=== Begin Enclosure ===

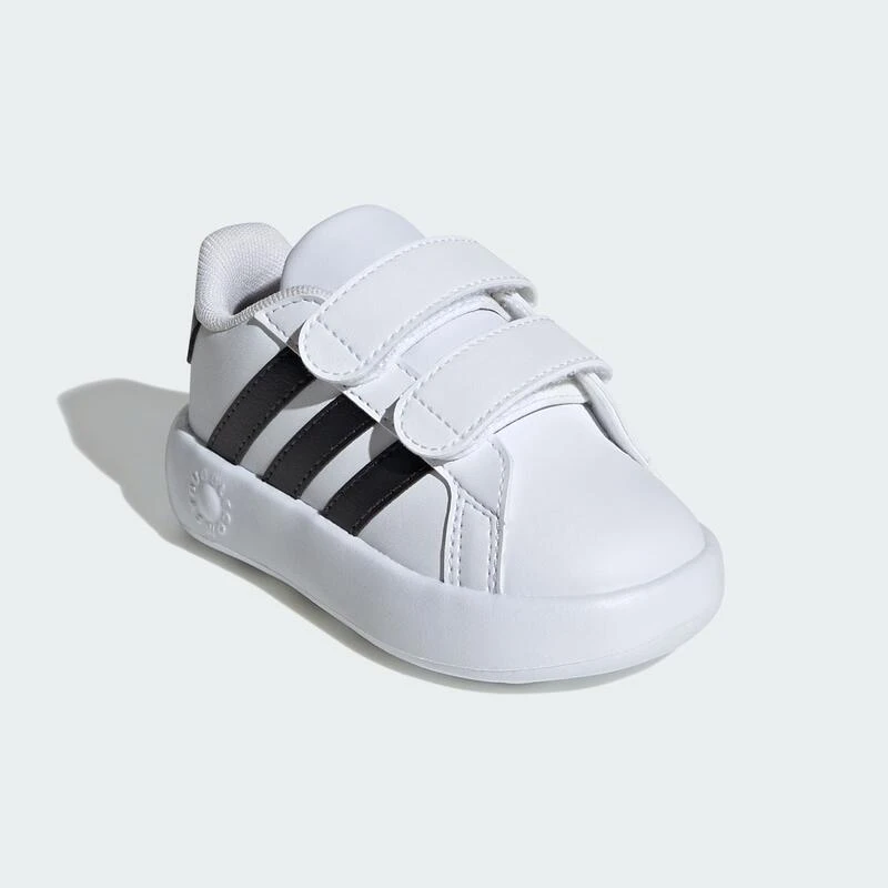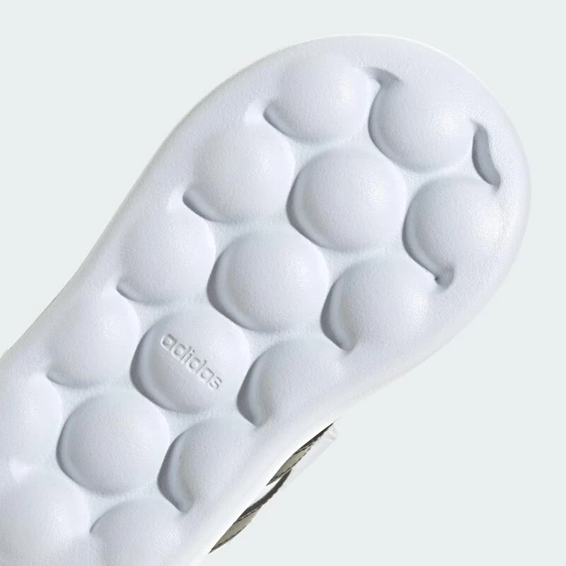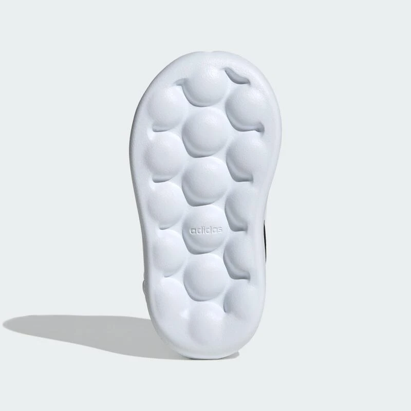 Une chaussure bébés avec une semelle mouchetée, conçue en partie avec des matières recyclées.
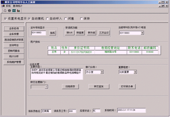 客戶打入電話后,當(dāng)系統(tǒng)的自動語音應(yīng)答子系統(tǒng)無法解決客戶問題時,客戶可選擇人工服務(wù),由企業(yè)客戶服務(wù)代表直接接聽客戶電話,處理并解決客戶問題。此時客戶同座席話務(wù)人員直接溝通,并同時記錄下該客戶的聯(lián)系方式,將相關(guān)數(shù)據(jù)添加入系統(tǒng)數(shù)據(jù)庫;也可以在數(shù)據(jù)庫的支持下回答接受查詢卷煙/價格/限額/新品種、卷煙經(jīng)營規(guī)范制度/卷煙專賣政策法規(guī)咨詢、通報最近暢銷卷煙的限額情況/通報最近增加的新品種/煙草公司召集的活動通知、投訴和舉報違法經(jīng)銷行為、卷煙預(yù)訂、電話訪銷、滿意度調(diào)查等。
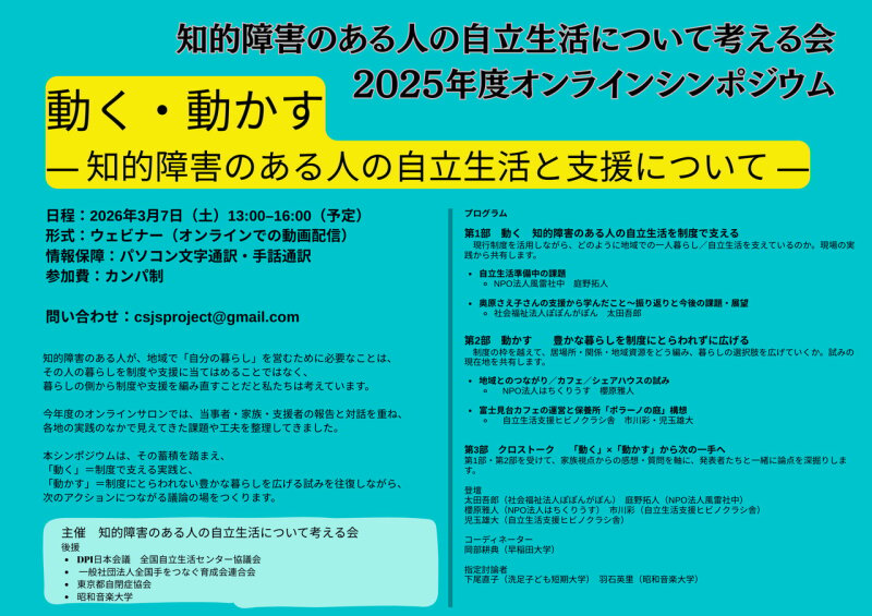 ◯知的障害のある人の自立生活について考える会 2025年度ONLINEシンポジウム

=== End Enclosure ===

**What you need to do:**
Retype all the data exactly; skip the pictures.

**Response to the task:**
 Une chaussure bébés avec une semelle mouchetée, conçue en partie avec des matières recyclées.
 客戶打入電話后,當(dāng)系統(tǒng)的自動語音應(yīng)答子系統(tǒng)無法解決客戶問題時,客戶可選擇人工服務(wù),由企業(yè)客戶服務(wù)代表直接接聽客戶電話,處理并解決客戶問題。此時客戶同座席話務(wù)人員直接溝通,并同時記錄下該客戶的聯(lián)系方式,將相關(guān)數(shù)據(jù)添加入系統(tǒng)數(shù)據(jù)庫;也可以在數(shù)據(jù)庫的支持下回答接受查詢卷煙/價格/限額/新品種、卷煙經(jīng)營規(guī)范制度/卷煙專賣政策法規(guī)咨詢、通報最近暢銷卷煙的限額情況/通報最近增加的新品種/煙草公司召集的活動通知、投訴和舉報違法經(jīng)銷行為、卷煙預(yù)訂、電話訪銷、滿意度調(diào)查等。
 ◯知的障害のある人の自立生活について考える会 2025年度ONLINEシンポジウム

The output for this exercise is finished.